Social Liberalism as Class Warfare

Fortunately enough (for them), most inhabitants of the overclass seem to know intuitively that these freewheeling scripts don’t bear that much relationship to the way that successful, upwardly-mobile people actually live and mate and marry. (The movies make college life seem like nonstop beer-soaked dissipation, for instance, but actually “individuals attending four year colleges and universities report some of the lowest levels of casual sex regardless of how casual sex is measured …”) So again, if you were inclined to view all of this suspiciously, you might look at the culture industry — networks and production companies, magazines and music labels — and note that the messages it sends about sex are a kind of win-win for the class of people running it. They get to profit off various forms of exploitation directly, because sex sells and shock value attracts eyeballs. And then they also reap benefits indirectly – because the teaching they’re offering to the masses, the vision of the good life, is one that tends to ratify existing class hierarchies, by encouraging precisely the behaviors and choices that in the real world make it hard to rise and thrive.
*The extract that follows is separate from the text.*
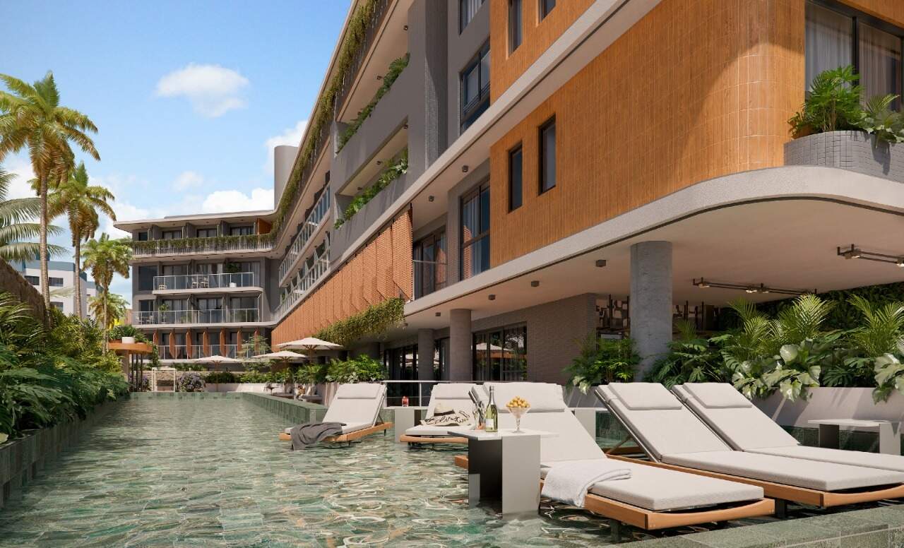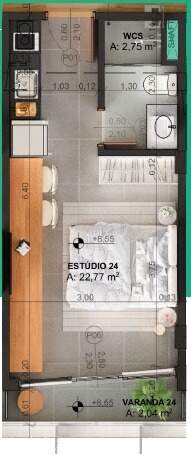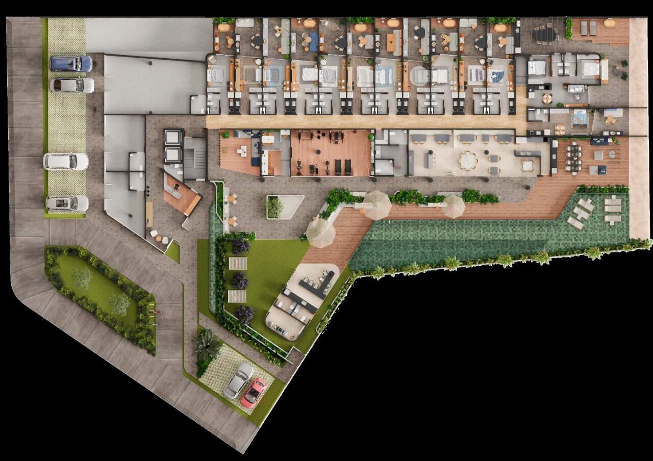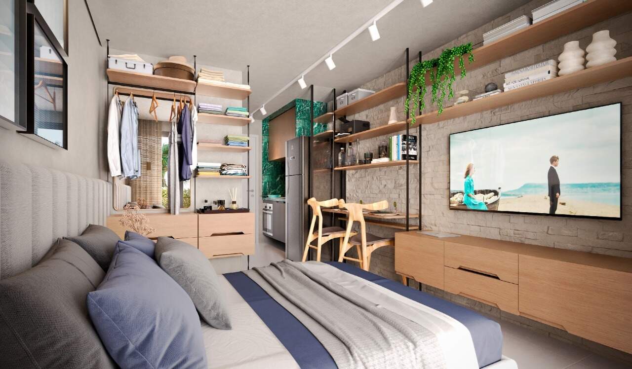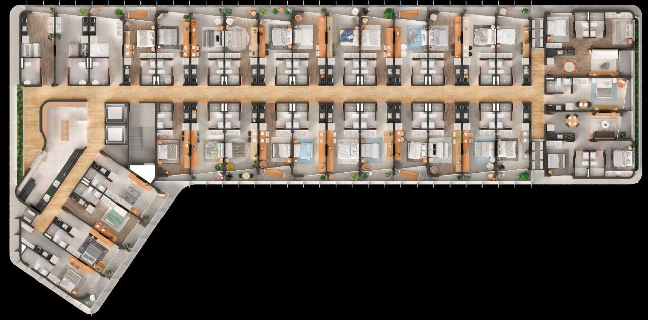 O empreendimento possui opções de planta entre 17m² a 143m², com 1 ou 2 quartos, sendo uma suíte, com sala, cozinha, varanda, área de serviço, elevador e uma vaga de garagem.

In this sense, one might suspect our cultural elites of being a little bit like the Silicon Valley parents who send their kids to computer-free schools: They don’t mind pushing the moral envelope in the shows they greenlight and the songs they produce, because they’re confident that their own kids have the sophistication required to regard Robin Thicke and Miley Cyrus as amusements rather than role models, the social capital required to keep the culture’s messages at arm’s length.